Spätestens der 9. November und der folgende Massenmord an den europäischen Juden hat eindeutig und unwiderlegbar bewiesen, dass der Antisemitismus in letzter Konsequenz auf nichts anderes als auf die Vernichtung der Juden hinausläuft und dass es einen Staat geben muss, der explizit Jüdinnen und Juden vorbehalten ist, um sie mit staatlicher Gewalt, welche auch militärische impliziert, vor dem Griff ihrer Mörder weltweit zu schützen notwendig ist. Wenn wir also am 9. November den Opfern der Shoa gedenken, dann dürfen wir nicht vergessen, dass der Staat Israel als jüdischer Staat heute nach wie vor existentiell bedroht ist und nicht nur geographisch sondern auch politisch weltweit - mit Ausnahme der USA - ausschließlich von Feinden umgeben ist. Durch diese prekäre Situation ist auch die Hoffnung der Zionisten obsolet geworden, dass durch die Gründung eines eigenen Staates der Antisemitismus verschwinden würde, dies ist jedoch nicht geschehen, der Antisemitismus reproduziert sich vielmehr geographisch, insbesondere in Deutschland, als sogenannte Kritik an Israel.
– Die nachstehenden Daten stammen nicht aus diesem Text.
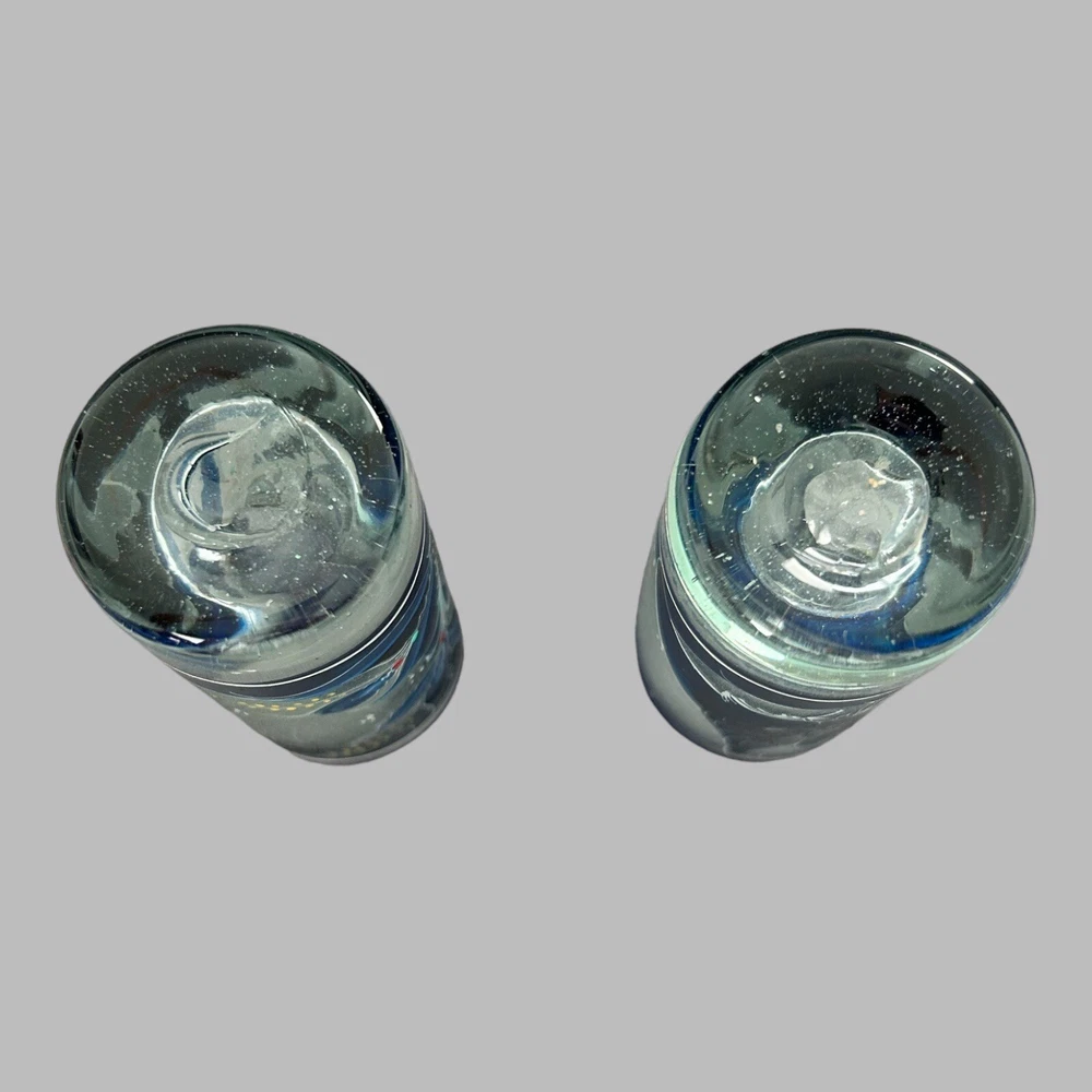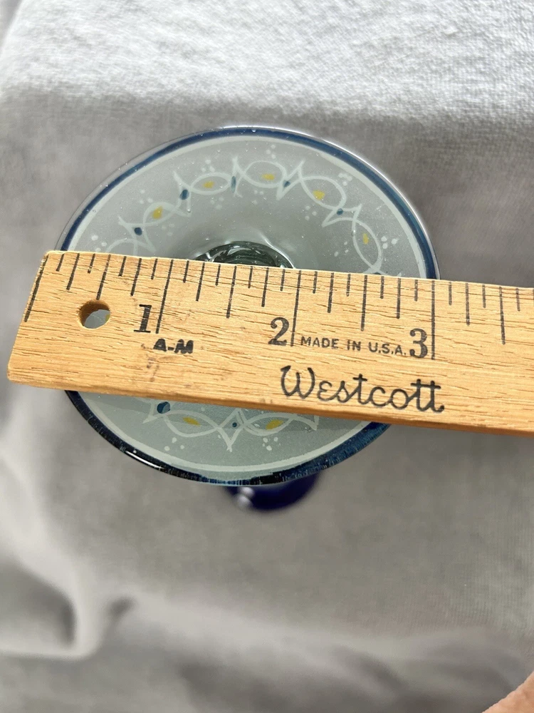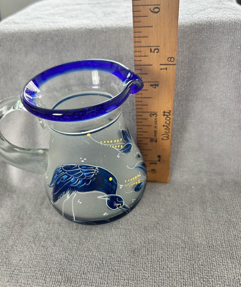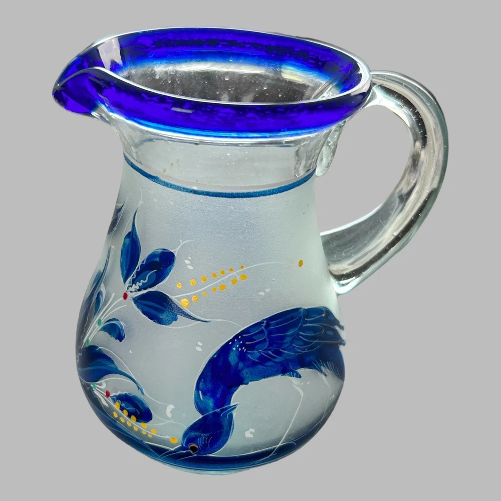 Add a touch of vintage style to your kitchen with this stunning four-piece glassware set. Featuring a beautifully hand-painted bird pattern in blue and frosted glass, this set includes a mini pitcher, two glasses, and a candlestick. Made of high-quality glass and crafted in Mexico, this set is both functional and decorative. Perfect for entertaining or as a thoughtful gift, this set is sure to impress. The mini pitcher and glasses are the perfect size for cordials or cocktails, while the candlestick adds a cozy touch to any table setting. With measurements included in the photos, you can be sure that this set will fit perfectly into your home décor.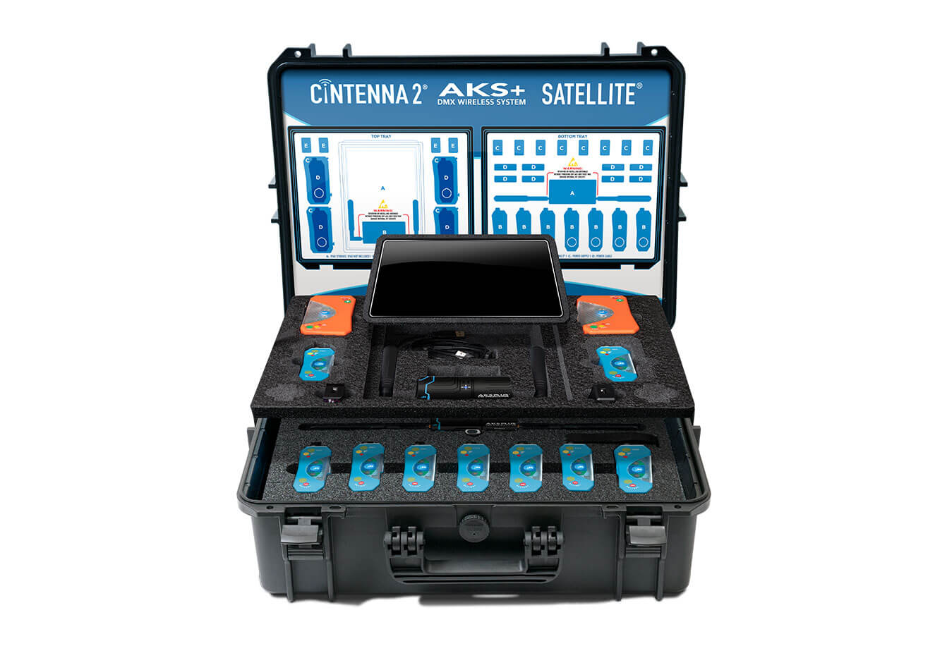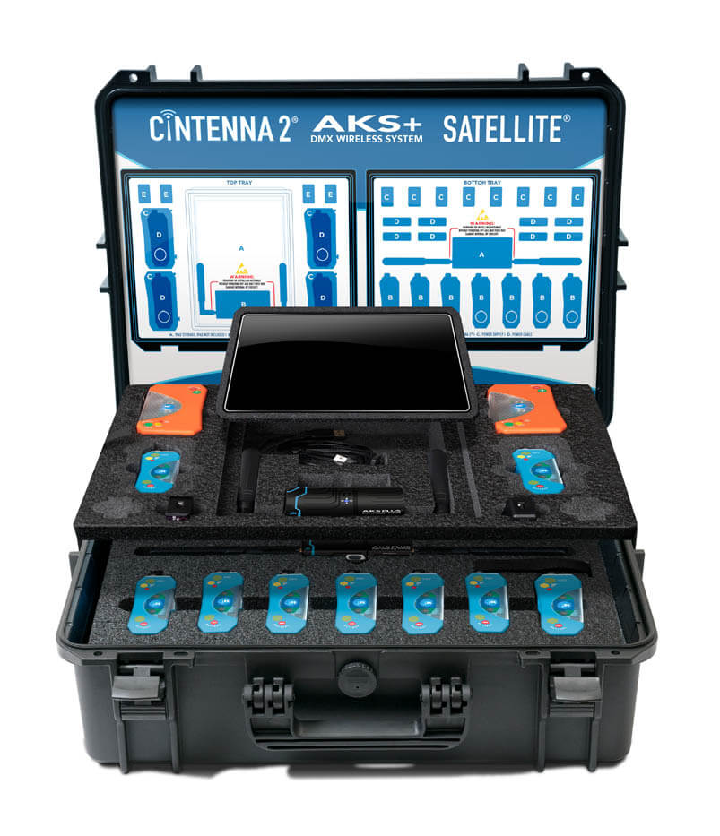Our large Satellite®/AKS+/ Cintenna 2® Pro Kit allows you to control multiple universes of data and transmit wireless to multiple fixtures. The top layer of this kit is configurable with perforated slots: allowing you to choose what devices you want on top. Up to 4 Cintenna 2’s can be added here or 4 Satellites, it’s up to you. The bottom foam can accommodate either 7 more Cintenna’s or 7 more Satellites, depending on your needs.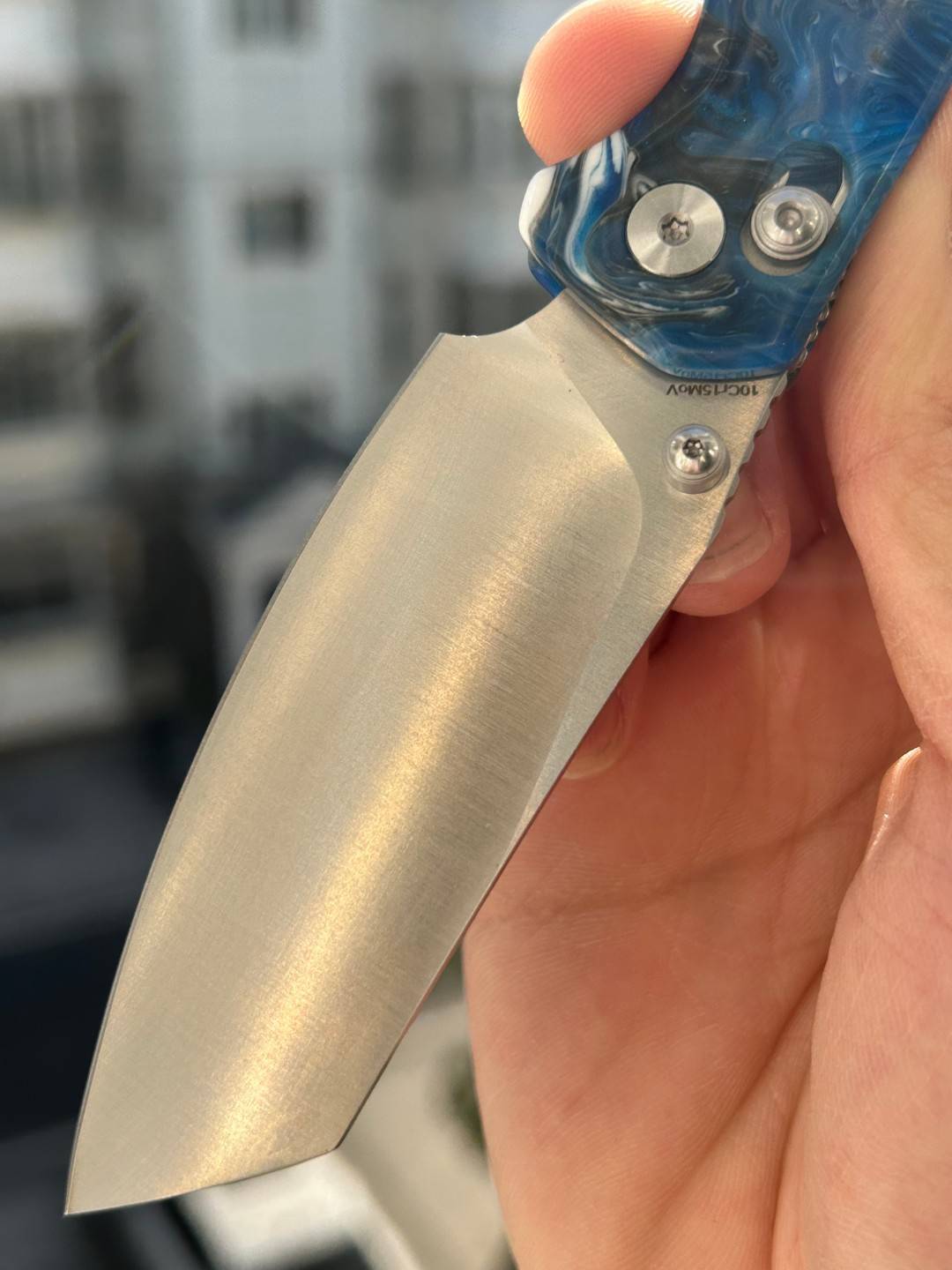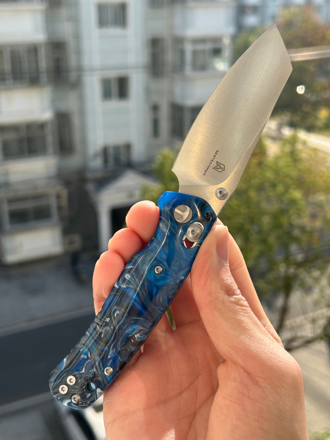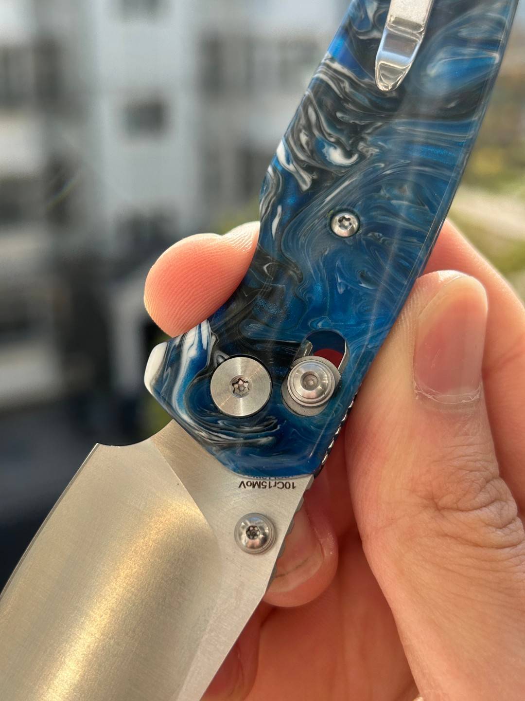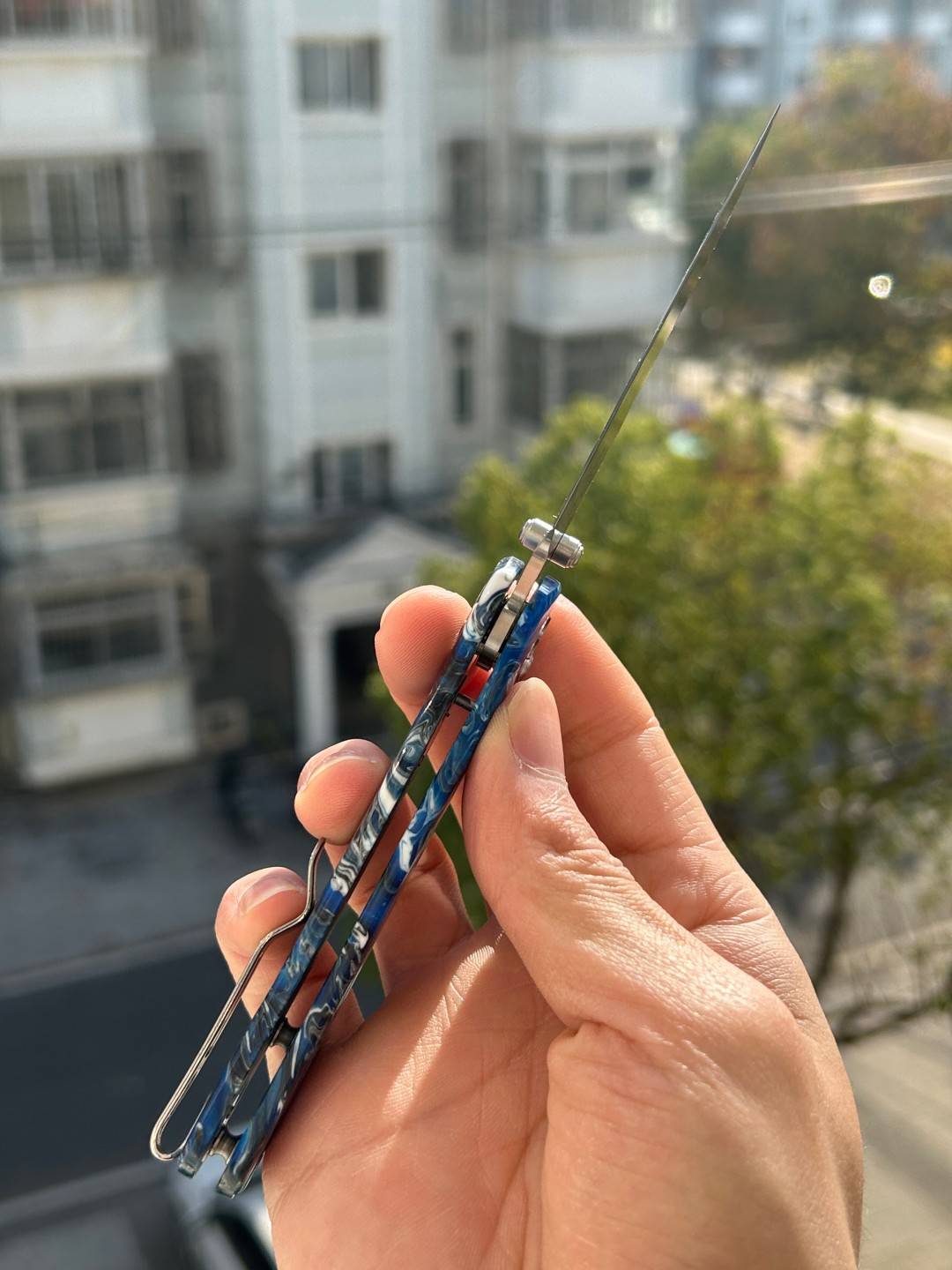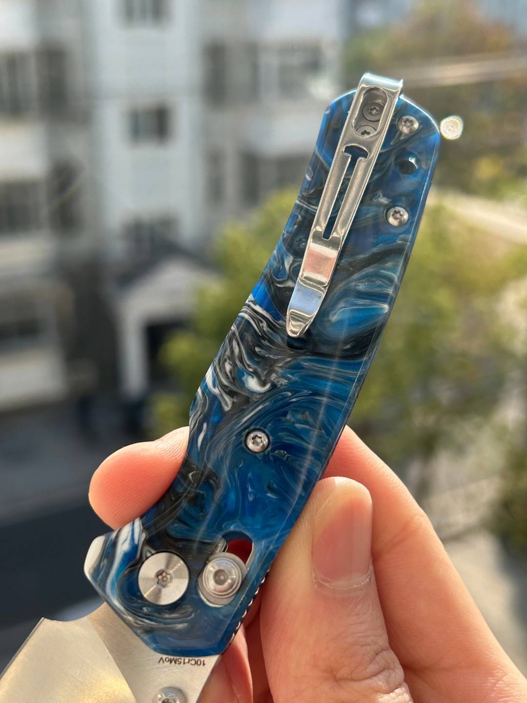 刀片长度:3.15 英寸(80 毫米) 手柄长度:4.055 英寸(103 毫米) 总长度:7.205 英寸(183 毫米) 刀片厚度:0.091 英寸(2.3 毫米) 刀片材质:10Cr15MoV 钢 刀片表面处理:缎面 手柄材质:蓝色图案树脂 锁定机构:B-Lock 刀片硬度:59-61 口袋夹:深携带,左/右携带 刀重量:2.03 盎司(57.5 克) 中国制造

Die Kritik, die in Deutschland an Israel geübt wird, hat allerdings selten etwas mit der

 

konkreten Regierungspolitik Israels zu tun, viel aber mit Ressentiment.

 

Der Antisemitismus, also der klassenübergreifende Kitt der die deutsche Volksgemeinschaft zusammengehalten hat und dessen bisher extremster Ausdruck die Shoa war, ist mit dem 8. Mai 1945 nicht besiegt worden. Zwar sind heute explizit antisemitische Äußerungen in der politischen Öffentlichkeit noch geächtet, allein wegen des Ansehens im Ausland, aber der Antisemitismus hat überlebt einige Metamorphosen hinter sich und als sekundärer Antisemitismus (u.a. als Antizionismus) richtet er sich nun gegen diejenigen, die nur durch Zufall lebend der Vernichtungsmaschinerie der Deutschen entgangen sind. Es sind gerade diese Überlebenden und ihre Nachfahren die immer wieder Ziel antisemitischer Aggressionen sind, denn ihre bloße Existenz erinnert die Deutschen jeden Tag aufs neue an ihre Verbrechen und verhindert so die öffentliche positive Bezugnahme auf das völkische Kollektiv.

 

Der Staat Israel, also der einzige Staat auf dieser Erde, der wirklich bereit und gewillt ist, Juden jederzeit militant vor Antisemitismus zu schützen zeigt den Deutschen jeden Tag aufs Neue ihre Schuld und ist deshalb immer wieder Ziel der deutsch-völkischen Argumentation. Und es liegt auf der Hand, dass weil Antisemitismus und Vernichtung in Deutschland ein arbeitsteiliges völkisches Projekt ist, die Linke natürlich nicht fehlen darf.

 

“Es ist die Linke, die mit steil abweisender Gebärde abzulehnen hat, dass der Antisemitismus dürftig maskiert als Antizionismus wieder respektabel wird.” (Jean Améry)

 

Gemeinhin gilt die Linke immer noch als fortschrittliche und emanzipatorische Kraft der Geschichte, doch gerade im Verhältnis zum Staat Israel offenbaren große Teile der  deutsche Linken immer wieder ihre antisemitische Geschäftsgrundlage. Zwar beteuern viele  Menschen, die sich selbst antifaschistisch nennen, dass Israel ein Existenzrecht habe. Was davon zu halten ist zeigt sich aber immer dann, wenn Israel durch polizeiliche und militärische Aktionen versucht die faschistischen Terrorstrukturen von Hamas, Islamischen Dijhad oder der Al Aksa-Brigaden zu zerschlagen und somit seine Existenz und das überleben seiner Bürger zu sichern. Doch wenn dieser militärische Selbstschutz negiert wird, wie so oft in der Linken, dann wird aus der Beteuerung das Israels ein Existenzrecht hat, ein Lippenbekenntnis: Antisemitismus, der sich selbst Antizionismus nennt, ist nichts anderes als die Intention den israelischen Staat zu zerstören!

 

Schuld für die jegliche Eskalation im Nahen Osten ist für diese “Linken” immer das imperialistische Israel. Deswegen haben sie Verständnis für die palästinensischen Selbstmordattentäter, die sich als lebende Bomben in Cafés, Bussen und Restaurants in die Luft sprengen um unterschiedslos so viele ZivilistInnen wie möglich mit in den Tod zu reißen, aber nicht dafür, dass der Staat Israel (und jeder andere Staat in vergleichbarer Situation eben auch) nicht tatenlos dabei zusehen kann und darf, dass in aller Regelmäßigkeit seine Bürger Opfer dieser antisemitischen Massaker werden.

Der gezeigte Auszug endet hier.